Sister Sue took me shopping at one point. Then when we got back, there was a call from the police (!!!). Anyway, the chaplain phoned to tell us our friend Mitch had died.
We last saw Mitch on July 31, a little over two weeks ago. (I actually blogged about that HERE.) This is our peer, and it's SO HARD to lose him. Marilyn and I are shocked and sad and crying -- and in total denial. (Yes, Sue feels really bad, too -- don't get me wrong. But this is someone the same age as the two of us -- we went to school and Sunday school with him...) He was one of our BEST FRIENDS.
Mitch and Marilyn
Seaside, July 31, 2012
And I guess I was the first to be told. The police didn't have information to reach his next of kin, so they phoned here. They were actually calling on Marilyn's cell, but I answered it (because of her being so sick).
Then I had to Facebook message Mitch's niece and ask her to call me. I had the Chaplain's phone number and told him I'd track someone down for him. (I unfortunately didn't have the phone number for Mitch's brother or for his niece.) Gena called me and I was the one to tell her... (She remained very composed, I have to say. We were both trying hard not to sob as we talked.)
Mitch was also a friend of our friend Mike (the President of RHSAA), Marilyn had me call and tell him -- he's was equally shocked to hear. Sue called the church where Mitch worked -- he's been their organist for more than 30 years! I called and told neighbor June, too (who knew him mostly through Mitch's deceased mother, who attended the same church as June).
Later Mitch's brother Taylor phoned and I talked with him. He's going to call back on Monday. He told us that Mitch had been dead for two weeks. We did try to phone him last Sunday. Now we know why he never called back. (We'd figured as he was on vacation he might have taken a trip, as he's been known to do in the past. We never assumed he might be dead at his age...)
Mitch hadn't been in ill health. His birthday is two days from now (we were planning to take him to our beach house next weekend to celebrate -- we have always done something to celebrate his bday each year) and he would have been 56. (Who would have expected him to die suddenly in his mid-50s???) You can see my post about Mitch's 50th birthday HERE, if you like... It seems like yesterday...
We had so much in common with Mitch. We were brought up in the same church. We all loved tennis -- and Mitch was my doubles partner for years and years! Marilyn has been talking about all the times she and Mitch would go play tennis together, then sit on the court and talk for hours.
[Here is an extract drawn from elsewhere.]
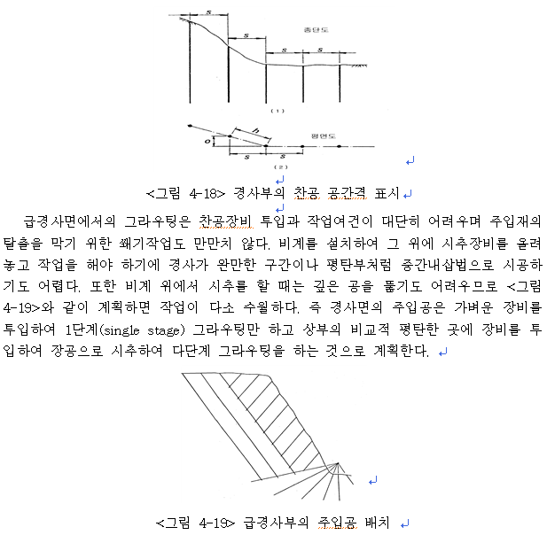 경사부 터파기면에 공배치를 할 때는 주의해야 한다. <그림 4-18(1)>처럼 종단도에 일정간격(S)으로 배치한 공간격은 수평거리와 경사거리의 차이로 인해 평면도에서는 S간격이 되지 않고 h간격이 된다. 그럼에도 설계서나 시방서에 공간격을 S로 한다거나 수평거리로된 평면도에 S간격으로 표시하는 경우가 있다. 다소간의 오차가 있어도 별 문제가 없는 댐터에서는 몰라도 고품질의 그라우팅을 해야 할 때는 1차공간의 간격, 시공효과의 판단 등에 문제가 된다. 또한 <그림 4-18(2)>와 같은 경사찬공때 경사거리로 잡은 공간격 S는 평면도에는 이보다 짧게 잡히게 된다. 따라서 수직찬공으로 할 것인가 경사찬공으로 할 것이냐 하는 문제는 지질구조대의 발달상태, 사용장비, 시공여건 등에 의해 결정할 것이나 공의 위치를 잡을 때의 혼란을 방지하기 위하여 경사부의 경사거리를 평면도에 옮겨서 공간격을 표시한다.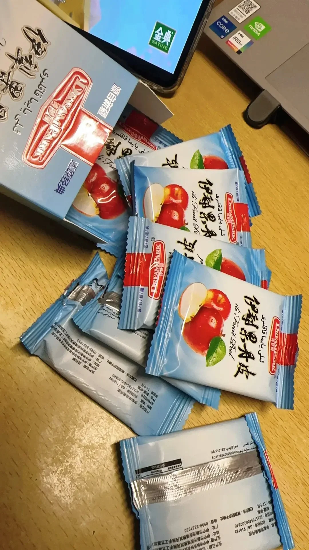 新疆果丹皮[黄金薯R],今天是一期新疆特产哦~[派对R] [种草R]健康指数:🌟🌟🌟🌟🌟 配料表:苹果,就是苹果熬制而成,没有科技与狠活 [种草R]性价比:🌟🌟🌟🌟一袋(200g)/9.98r 比较划算,有草莓和椰枣两种口味,性价比还是比较高的~ [种草R]口感:🌟🌟🌟🌟🌟 个人比较喜欢椰枣味,不管是韧劲,嚼劲,酸甜口都比较适宜,不是很甜,稍有粘牙也是凸显果肉质地的厚实柔软细腻!每个独立包装,吃不完也很好收纳,妈耶,太好吃了!

He was well-educated, intelligent, had a GREAT sense of humor, liberal politics, a love of the arts and especially music. He had a GREAT musical talent as an organist. He was well-read and we shared many of the same interests in reading topics.
We had talked about going to the King Tut exhibit. We'd talked about going to Seaside for Hood to Coast (as we had in the PAST). We talked a lot about playing tennis again sometime soon, too. We hadn't played with him in ages, but we loved all the years that we did play together...
They had to knock down the door to get in and find him. Neighbors noticed papers piling up and that he hadn't been out working in his yard the way he usually did. How very sad.
Not hearing from him in two weeks wasn't odd for us -- we could go for months without talking sometimes. But it had been odd for him not to return our phone call almost a week later (after we called him last Sunday).
I guess he had a better view this year of the Perseides than we did... (And I'm sobbing as I type this.)
How can he be dead? It just doesn't seem possible. It doesn't seem right. It hurts. It hurts a lot.
I have to stop now, because I'm getting too upset...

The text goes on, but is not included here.